When DC rebooted their universe a couple of years back with the introduction of “the New 52,” one of the most hotly debated and complained about elements was the new version of Starfire, a.k.a. Princess Koriand’r, the long-running Teen Titans character who was re-introduced by Scott Lobdell in the pages of Red Hood and the Outlaws. As created by Marv Wolfman and George Perez in the pages of The New Teen Titans in 1980, Starfire was conceived as a fierce alien warrior princess with a heart of gold, who rapidly became one of the most popular new female characters for DC in years (kind of the Harley Quinn of her day), whose popularity only increased when Wolfman and Perez placed her in a long-term romantic relationship with Dick Grayson, at that point the nearly grown Robin the Boy Wonder, about to transition to his new career as Nightwing.
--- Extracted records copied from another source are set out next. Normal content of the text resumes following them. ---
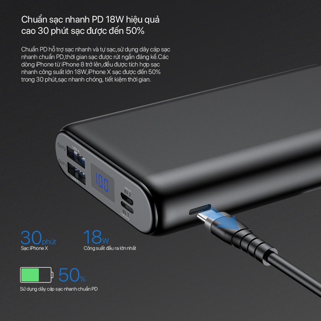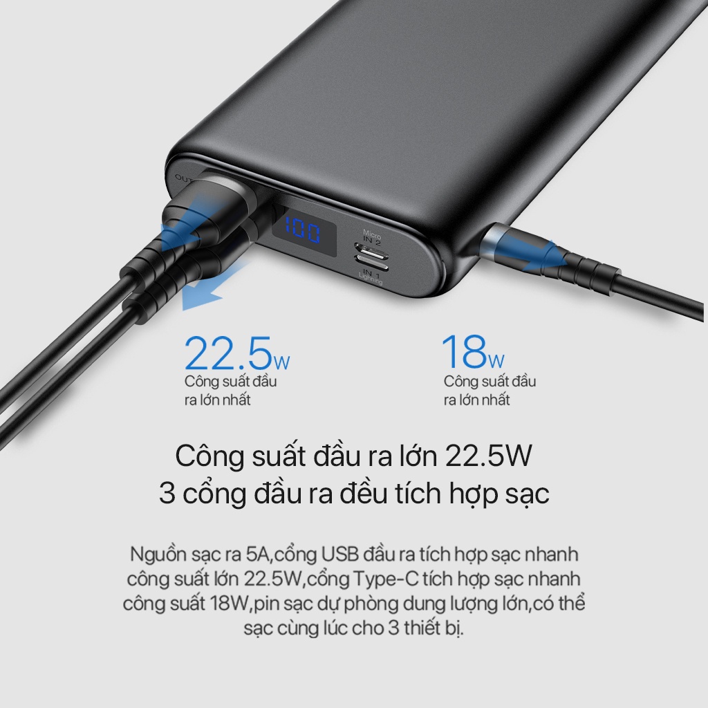 ✔ Nguồn sạc ra 5A, cổng USB đầu ra tích hợp sạc nhanh công suất lớn 22.5W, cổng Type-C tích hợp sạc nhanh công suất 18W, pin sạc dự phòng dung lượng lớn, có thể sạc cùng lúc cho 3 thiết bị.
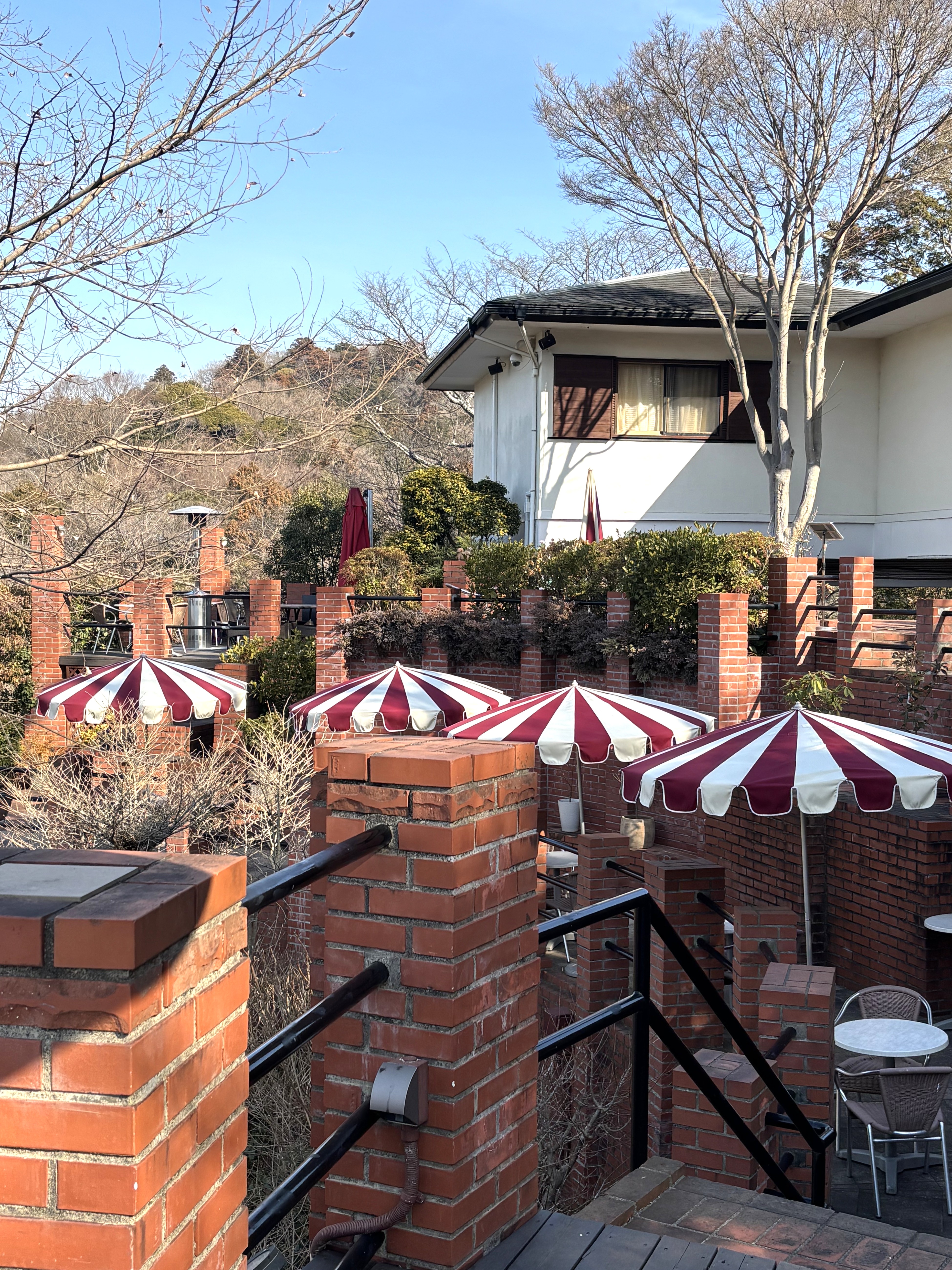 10分足らずで治療が終わり、帰宅するには早すぎるから前から覗いて見たかった、近くの鎌倉カフェテラス樹(いつき)ガーデンに寄る。敷地は、実業家の元別荘でオーナーとスタッフの実質二人で休日を利用して作り上げ、現在の形になるまで、約20年程の年月を要したとパンフにある。何よりも自然の原風景を大切にし、テラス席は、山の地形にそった形に作られているのはすごくいい。
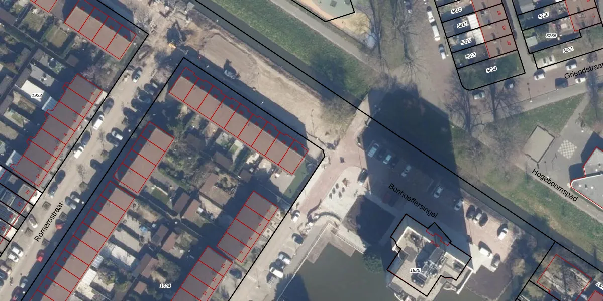Het perceel waarop Bonhoeffersingel 34 staat heeft een oppervlakte van 8241 m². Dit is een zeer groot perceel. De perceeloppervlakte wordt geregistreerd door het Kadaster. Gedetailleerde informatie over de maten van dit perceel kunt u vinden in het rapport Kadastrale kaart met maatvoering van Bonhoeffersingel 34.
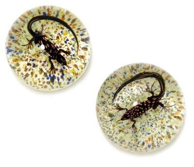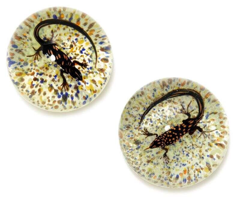 Each black with orange spots, on multi-colored ground, signed Harold J. Hacker.(2).
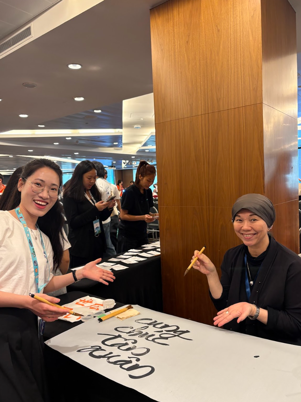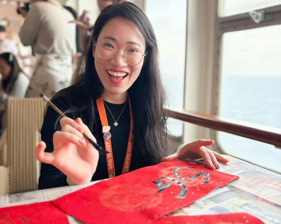 Một trong những dấu ấn rực rỡ nhất trong hành trình của Tạ Gia Hân chính là việc mang thư pháp chữ Việt lên Tàu Thanh niên Đông Nam Á – Nhật Bản (SSEAYP).
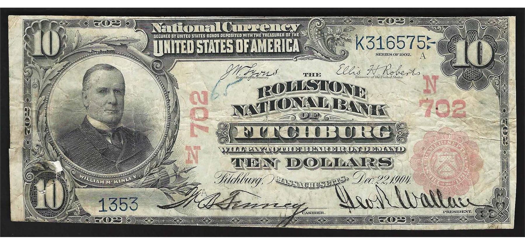 One 1902 $5 The Rollstone National Bank Fitchburg, MA CH# (N)702 National Currency Note.

Though the Nightwing/Starfire relationship would eventually come to an end and Starfire’s popularity would surge and wane over the years with the fortunes of the TITANS comic, the character remained fairly consistent, at lest until the New 52, where she was stunningly rethought as little more than a sex object, remarking that she “doesn’t remember” most of her romantic partners, including Dick Grayson, and it’s said of her that she has a short attention span when it comes to humanity, “like a canary,” with the unsaid implication that this made her ideal for casual sexual encounters. Bleah. Much of this was later walked back and explained away after it was met with near-unanimous distaste, but still, it’s cast a pall over the character for the past few years, especially when combined with her “new 52” redesign, which was more sexually overt and gratuitous than ever, which is saying a lot considering that the character’s sex appeal has always been front and center in terms of visuals.
Which is why it was such an incredible surprise to open the pages of Starfire #1 this week by Amanda Conner, Jimmy Palmiotti and Emanuela Lupacchino and find that the Starfire I remembered was back.
An ideal jumping-on point for new readers, the story finds Kori looking to start over in Key West, Florida, and going to the local sheriff for help in building a life for herself on an unfamiliar world. It’s funny and charming if light on the action, but that’s okay, as it’s been so long since we’ve seen the real Starfire in comics, it’s nice to just slow down and spend some time with her again. Writers Conner and Palmiotti do fine work here returning Kori to her original Titans voice, which is not just smart for old-school fans like me, but also for marketing to all the female fans, young and now teenage, who grew up with the Cartoon Network version of Starfire from the various TITANS animated incarnations.
A perfect match for the writing is Lupacchino’s art, which portrays Kori as beautiful and appealing but still realistic and grounded, no longer spending every panel arching her back and pointing her toes as so wearyingly consistent in her previous series. There’s also a cute and funny visual device here showing Kori’s thoughts with little cartoon pictograms as she struggles to understand Earth idioms.
It’s a fantastic start, hopefully one kicking off a lengthy run from this creative team. Highly recommended.